The following table gives the resulting problem type for optimization problems.

Optimization Objective and Constraint Types (Linear Constraints Include Bounds)

Resulting Problem Type

Linear objective and constraint functions.

At least one problem variable has the 'integer' type.

intlinprog

Linear objective and constraint functions.

No problem variable has the 'integer' type.

linprog

Linear constraint functions.

The objective function is a constant plus a sum of squares of linear expressions.

lsqlin

Bound constraints.

The objective function is a constant plus a sum of squares of general nonlinear expressions.

lsqnonlin

Linear constraint functions.

General quadratic objective function.

quadprog

General nonlinear objective function.

No constraints.

fminunc

General nonlinear objective function, and there is at least one constraint of any type.
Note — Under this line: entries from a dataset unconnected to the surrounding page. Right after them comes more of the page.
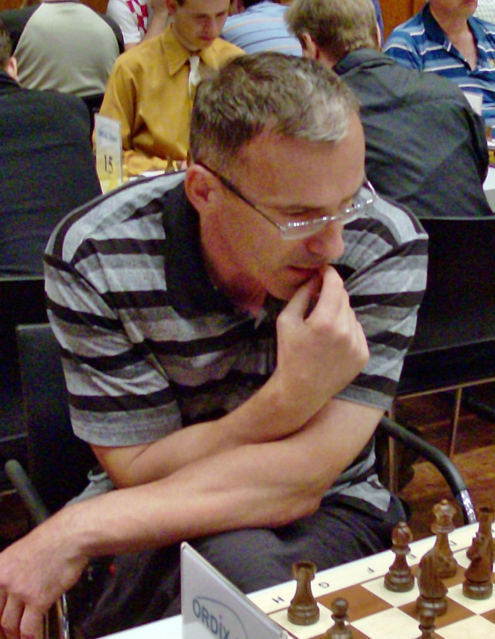 Ognjen Cvitan, chess grandmaster from Croatia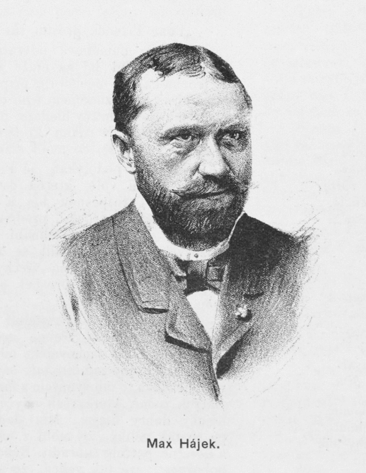 Portrait of Max Hájek (1835-1913), Czech entrepreneur and politician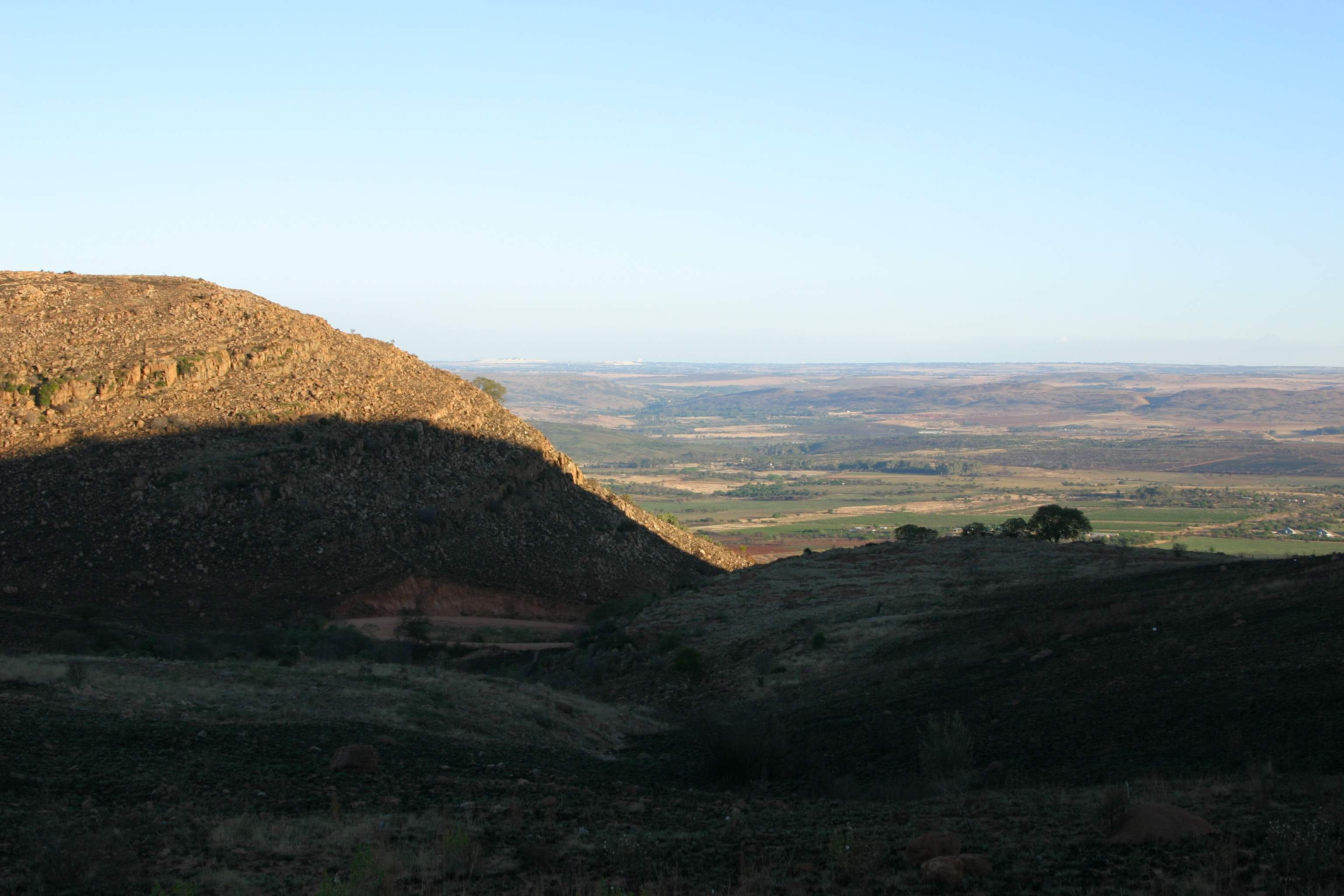 View south from Breedtsnek over Magaliesberg, Transvaal

Or, there is at least one general nonlinear constraint function.

fmincon

The following table gives the resulting problem type for equation solving problems.

Equation Types

Resulting Problem Type

Linear system with or without bounds

lsqlin

Scalar (single) nonlinear equation

fzero

Nonlinear system without constraints

fsolve

Nonlinear system with bounds

lsqnonlin

Note

For nonlinear problems, prob2struct creates function files for the objective and nonlinear constraint functions. For objective and constraint functions that call supporting functions, prob2struct also creates supporting function files and stores them in the FileLocation folder. To access extra parameters in generated functions, see Obtain Generated Function Details.

For linear and quadratic optimization problems, the problem structure includes an additional field, f0, that represents an additive constant for the objective function. If you solve the problem structure using the specified solver, the returned objective function value does not include the f0 value. If you solve prob using the solve function, the returned objective function value includes the f0 value.

If the ObjectiveSense of prob is 'max' or 'maximize', then problem uses the negative of the objective function in prob because solvers minimize. To maximize, they minimize the negative of the original objective function. In this case, the reported optimal function value from the solver is the negative of the value in the original problem. See Maximizing an Objective. You cannot use lsqlin for a maximization problem.

Tips

  • If you call prob2struct multiple times in the same MATLAB session for nonlinear problems, use the ObjectiveFunctionName or EquationFunctionName argument and, if appropriate, the ConstraintFunctionName argument. Specifying unique names ensures that the resulting problem structures refer to the correct objective and constraint functions. Otherwise, subsequent calls to prob2struct can cause the generated nonlinear function files to overwrite existing files.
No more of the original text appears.